Cabe aclarar que esta “ilusión de repartir mejor” a la que se refiere el autor en 1985 es
mucho más ilusoria aún en las condiciones del capitalismo globalizado, como lo muestran
las gestiones de Menem, Duhalde y ahora Kirchner. Pero ése es el profundo contenido
político de la ideología peronista, sancionado por las masas el 17 de octubre: la ilusión
del reparto de la torta en beneficio de los trabajadores y los sectores populares sin
tocar los intereses de los capitalistas y sin conmover el edificio institucional de la
democracia burguesa.

En un sentido, el 17 de octubre opera como el mito fundacional de esa ideología, opuesta


por el vértice a todo lo que se asemeje al clasismo marxista: “los trabajadores
consiguieron alcanzar sus objetivos del momento sin movilizarse como clase, sin emplear
métodos revolucionarios, sin contar con dirección propia, sencillamente sirviendo de masa
de maniobra disciplinada y obediente a generales, burócratas, políticos burgueses, curas
y jefes de policía, que arreglaban sus cuentas con otros generales y políticos. ¿Para qué
explicar a la clase obrera que sólo de su esfuerzo revolucionario debe esperar el triunfo y
que debe desconfiar y no esperar nada bueno de militares, curas y políticos burgueses?
(…) ¿Para qué explicar a la clase obrera que sólo su organización y su actividad desde
abajo, su presencia activa en los sindicatos y en la calle, puede conducir a los
trabajadores hasta el poder?

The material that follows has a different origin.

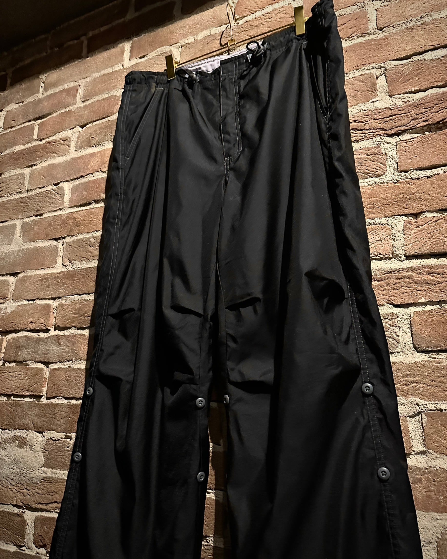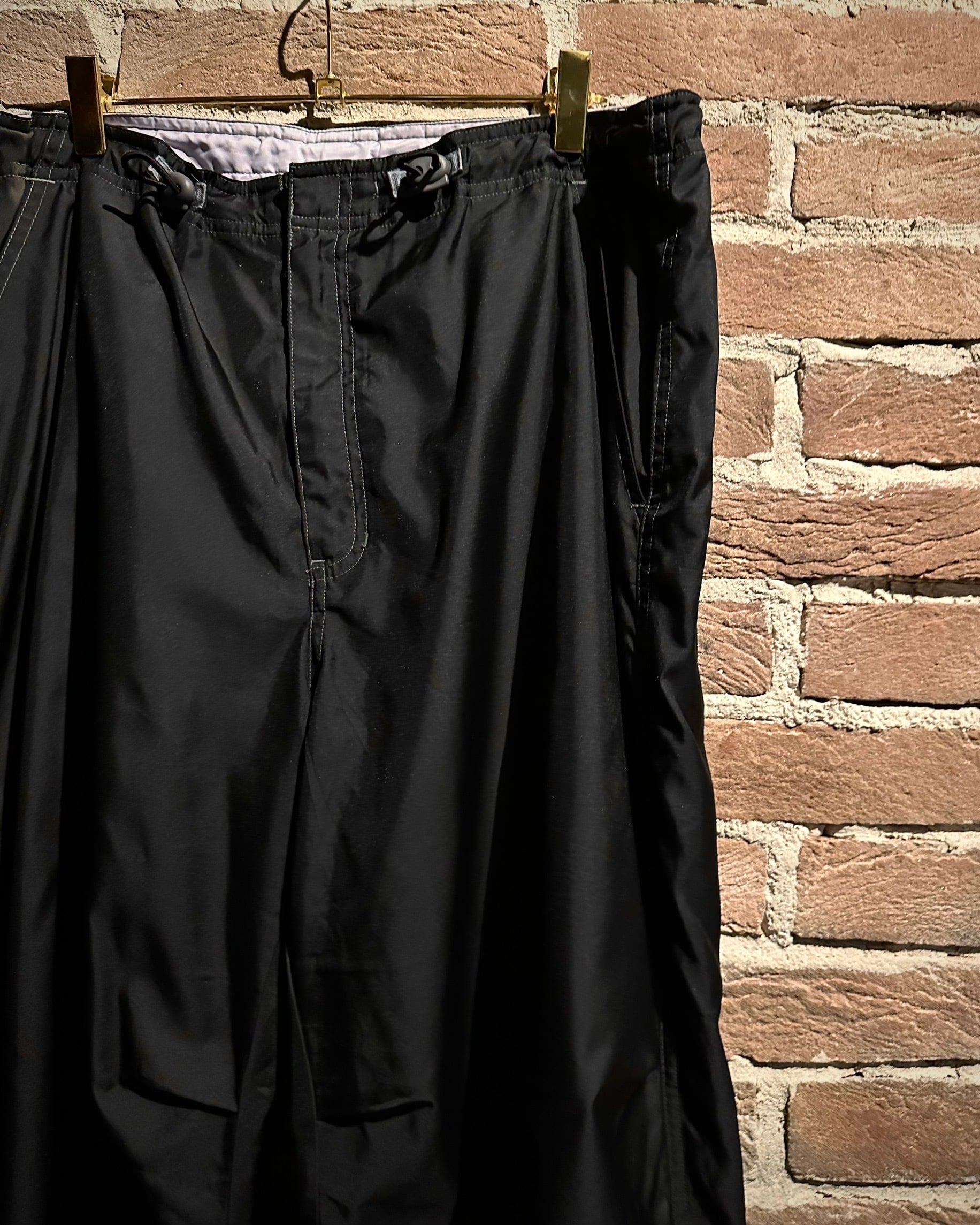 ベースは軽量なポリエステル素材。シャリ感のあるタッチでワイドストレートのシルエットを引き立てます。

Todo esto es innecesario, razona el dirigente sindical
peronista, puesto que el 17 de octubre los trabajadores obtuvieron un triunfo sin hacer
nada de eso, y haciendo más bien todo lo contrario”.[23]

Éste y no otro es el legado ideológico del 17 de octubre, que ha sido explotado hasta el


infinito por todos los gobiernos peronistas desde 1946 hasta la fecha. Se trata de esa
expresión del “sentido común” de millones de personas que aún piensan que el peronismo
tiene muchos defectos, pero, en última instancia, “algo va a repartir”, y que desde el
Estado nacional, provincial o municipal, un peronista va a ser “menos dañino” y va tender
a “tirar algo para el lado de los trabajadores y los pobres”.

Pero las condiciones de surgimiento del peronismo, sintetizadas en el 17 de octubre, se


han ido y no volverán. El PJ de hoy no es el partido que, aun siendo capitalista, se las va
a ingeniar para “repartir algo”, sino el principal partido capitalista a secas. Para los
trabajadores no sólo no es posible, sino tampoco deseable revivir el peronismo de 1945.

Hay que romper con la ilusión de la redistribución: ningún partido ha distribuido la


riqueza de manera más desigual que el peronismo de hoy.[24] La única salida para los
trabajadores no es aspirar a que alguna fuerza o político capitalista “redistribuya” el
producto social, sino luchar por un nuevo régimen social en el que ese producto social
esté en manos de los trabajadores y el pueblo: el socialismo.